For the family grocer had an alluring way of suggesting delicacies, when he came for his orders that certainly no mistress of eleven or handmaid of fifteen could withstand.
'Almonds?' he would say. 'Very fine almonds this week, Miss Cameron—three pounds did you say—yes? And what about jam? I have it as low as fivepence a tin, but there is no knowing what cheap fruit these makers use.'
'Oh,' Hermie would say, 'I must have very good jam, of course, or it might make my little sister ill! How much is good jam?'
'There's strawberry conserve, a shilling a tin,' the man would say—'pure fruit and pure sugar, boiled in silver saucepans.'
'Silver saucepans! That couldn't hurt Flossie! We will have six tins of that, please,' the small house-woman would answer. Then there were biscuits; Miss Macintosh, frugal soul, only gave Wilgandra, when it came calling, coffee-biscuits at sevenpence a pound with its afternoon tea. Hermie regaled it upon macaroons at half a crown. Then Lizzie would have her say. What was the use of cooking meat and vegetables on washing-day, ironing-day, and Saturdays, she would say, when you could get them tinned from a grocer? So tins of tongue, and whitebait, and pressed meats, French peas, asparagus, and such, were added weekly to the order, the grocer sending to Sydney for the unusual things. 'We are saving a lady-help's wages,' Hermie would say, 'and it saves the butcher's bills, so it is not extravagant a bit.'
It was not until the third month that the day of reckoning came. Then the grocer, grown a trifle anxious over his unusual bill, which no one was settling, ventured to accost Mr. Cameron one day on his verandah and present it.

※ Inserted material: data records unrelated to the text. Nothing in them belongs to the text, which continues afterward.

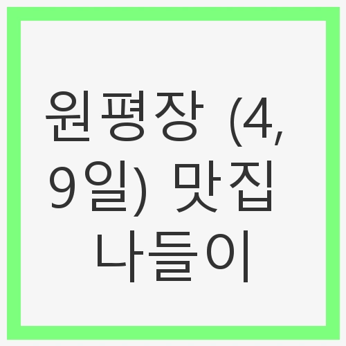 봄이 오면 사람들의 마음이 설레기 시작합니다. 따뜻한 햇살과 함께 피어나는 꽃들은 우리의 일상에 생기를 불어넣습니다. 특히 원평장 (4, 9일) 맛집 나들이는 봄의 정수를 느낄 수 있는 완벽한 장소로, 많은 이들에게 사랑받고 있습니다. 이곳은 매년 4일과 9일에 열리는 전통시장이 있으며, 신선한 농산물과 맛있는 먹거리가 가득합니다. 올봄, 여러분도 원평장 나들이에 나서보세요.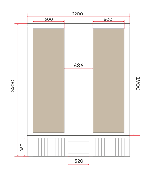 Twin facing deep double benches (60cm raw pine), and a terrace with two seats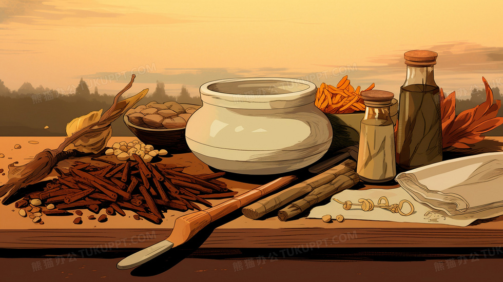 本作品内容为中国风中草药植物中医药罐插画, 格式为 jpg, 大小3 MB, 图片尺寸为2912 x 1632, 源文件无水印, 欢迎使用熊猫办公。 如认为平台内容涉嫌侵权,可通过邮件:tousu@tukuppt.com提出书面通知,我们将及时处理。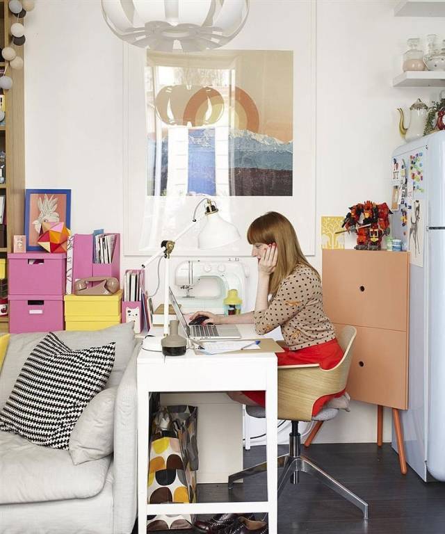 & T3 p! i( H# y5 ]# J% f: y& m) zEleonore的做法是在客厅和厨房之间加一个开放式的工作区,因为要在节省空间的同时还要保证一定的功能性和储物能力,所以IKEA的产品会是不错的选择,例如图中适合放在转角的这个柜子。另外有一点需要注意,因为是在两个区域中加设的,所以其中占最多位置的书桌最好匹配基础色,这样才不会显得拥挤,而且视觉上也更加流畅。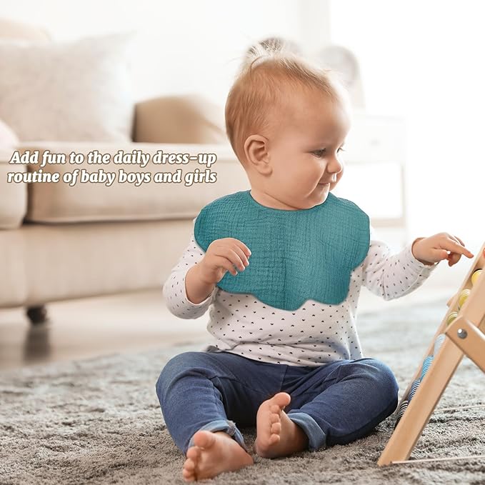 - Gentle Protection: Crafted from muslin cotton, these bibs provide a soft and breathable barrier against drool and spills; The double-layered design ensures excellent absorbency, keeping your baby's skin dry and irritation-free all day long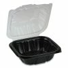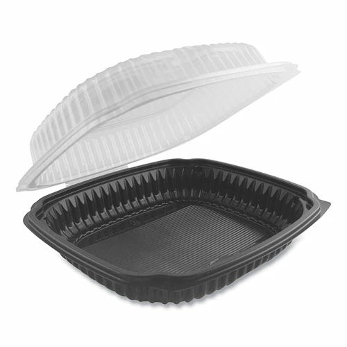 Culinary Lites hinged containers offer increased value and affordable alternatives to foam and paper clamshells. Will withstand temperatures to 210Β°F under heat lamps, in warming units and microwaves. The clear, anti-fog lid is vented to allow steam to dissipate, keeping food looking fresh and appealing while eliminating order errors. Stacking will not block the vents to preserve the texture of the food and the positive stack maintains the food presentation during transport. Secure snap closure ensures freshness and eliminates messy spills. Offset tabs make it easy to open and reclose. The durable, cut-resistant polypropylene allows your customers to eat right out of the container.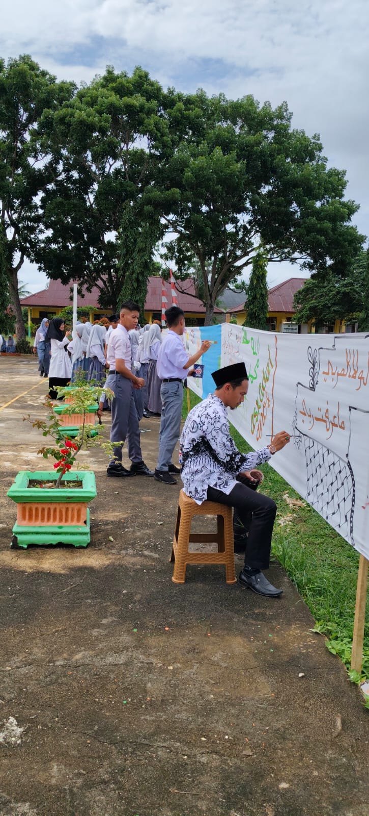 HUMAS MAN 2 Tebo TV, Muara Tebo, News – Dengan penuh semangat, antusias dari Keluarga Besar MAN 2 Tebo, majlis guru, siswa/i secara bersama-sama melukis dengan sangat serius. Ini Perdana kali dilaksanakan di MAN 2Tebo dan menurut Media MAN 2 Tebo TV merupakan jenis media lukis terpanjang Tingkat Madrasah Aliyah Kabupaten Tebo.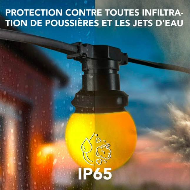 Le principal souci avec une guirlande extérieure est la tenue sous la pluie et la poussière. Ici, l’indice IP65 aide à garder un éclairage fiable en usage dehors, même en conditions humides. Autre point pratique : le modèle est connectable, ce qui permet de raccorder jusqu’à 10 guirlandes pour couvrir une grande longueur sans multiplier les prises. La faible puissance totale limite la consommation tout en gardant une ambiance lumineuse régulière.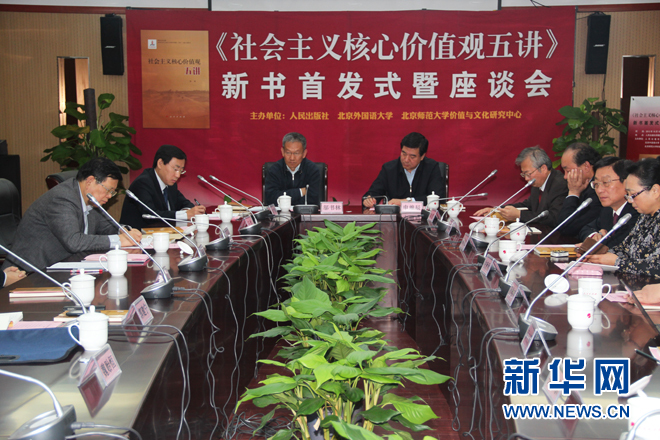 新华网北京10月19日电 18日上午,人民出版社、北京外国语大学、北京师范大学价值与文化研究中心联合主办了《社会主义核心价值观五讲》新书首发式暨座谈会。中宣部副部长申维辰、新闻出版总署副署长邬书林出席。

'No haste, of course,' he said politely, 'only as your good lady and Miss Macintosh always paid monthly, I thought you might not like it going on much longer.'
When he had bowed himself out, Mr. Cameron rubbed his suddenly troubled brow a moment. Money, bills! The thought had actually never crossed his mind all these three months! His wife first and then Miss Macintosh had always managed the finances of the family. Indeed, one of Mrs. Cameron's injunctions to the lady-help had been, 'When Mr. Cameron's cheque for his quarter's salary comes, please be sure to remind him to pay it into the bank.' And Miss Macintosh had never failed to do so, nor to apply for the twelve pounds monthly for payment of the household bills.
He went into the dining-room and began to rummage helplessly about his writing-table. To save his life he could not recollect what had become of his last cheque, for there was a conviction on his mind that he had never paid it into his account.
Hermie was at the table, Mrs. Beeton's cookery-book spread open before her; over her shoulders peeped the heads of Bartie and Roly, absorbed in the contemplation of the coloured plate picturing glorified blancmanges and jellies. For was not to-morrow Roly's fifth birthday, for which great preparation must be made by the young mother of the house?